Rod Carroll, public information officer with the Jefferson County Sheriff’s Department said the department had an all-terrain armored vehicle obtained from surplus military equipment at no cost.

The vehicle is at Lamar Institute of Technology, where it is being fitted for an upgrade that would make it easier to drive on-road.

Right now, the vehicle goes about 30 mph, and is very difficult to drive on-road.

The Lenco B.E.A.R. armored vehicle that Port Arthur is considering purchasing is a much newer model — a modern day SWAT vehicle, Carroll said.

Larger police departments such as Dallas and Fort Worth are using them, Carroll said.

The sheriff’s department had planned to utilize its armored military vehicle for high risk warrants and hostage situations, but had only used it a couple of times that he is aware of, Carroll said.

Port Arthur Mayor Deloris “Bobbie” Prince said she was in support of the expenditure, if that is what the police department recommends it needs.

“When it comes to security for the people of Port Arthur, you have to spend money,” Prince said. “Last week there was a hostage situation for four hours. I am trusting the police department and the fire department to know what it is they are doing. I do not believe those departments would waste the city’s money unless it was absolutely necessary.”

In addition to the armored car, City Council will consider purchasing two new fire engines and a rescue boat — both for the fire department.

Fire Station No. 1 and Fire Station No. 6 would each receive one of the engines. Both are to be used for municipal and industrial responses.

Cost of the fire engines is $1,162,500 to be paid from grant money and $387,500 from city funds.

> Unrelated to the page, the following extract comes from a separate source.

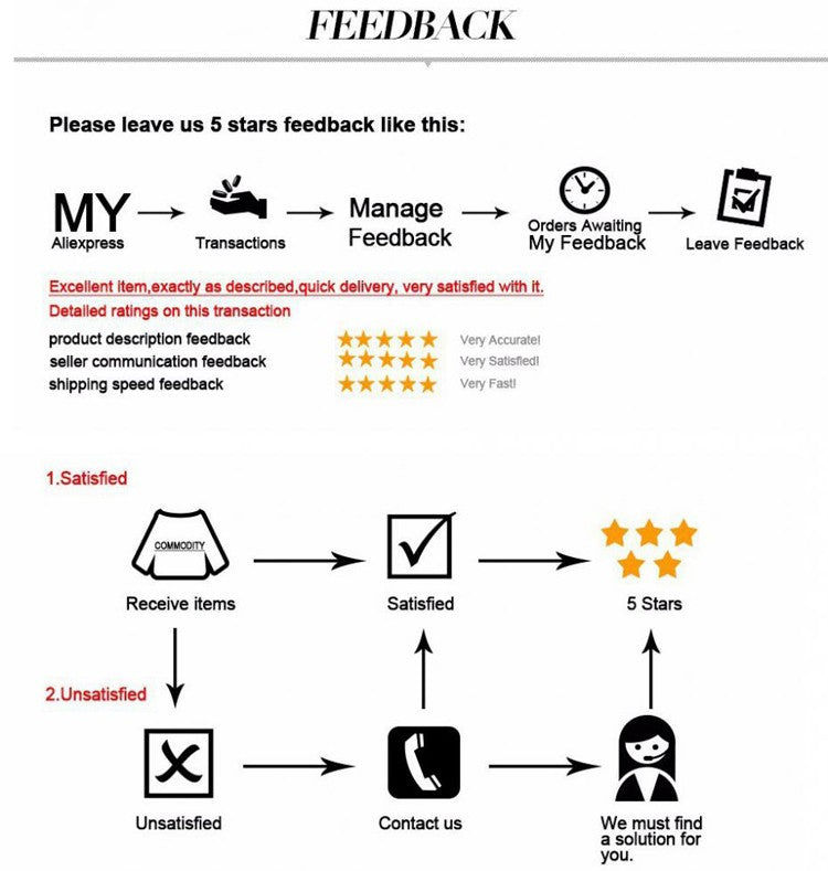 • We understand the frustrations you might have,please contact us before opening any dispute or leaving any neutral/negative feedback.

The city’s fire department would also be the recipient of an emergency rescue boat, to be purchased from SeaArk Marine, Inc., of Monticello, Ark.

The new boat will replace a 21-foot aluminum hulled boat, that the fire department acquired from Coast Guard surplus equipment in 1982, and is no longer considered reliable.

The city’s cost of the new boat is $57,071. Grant funding is $174,215.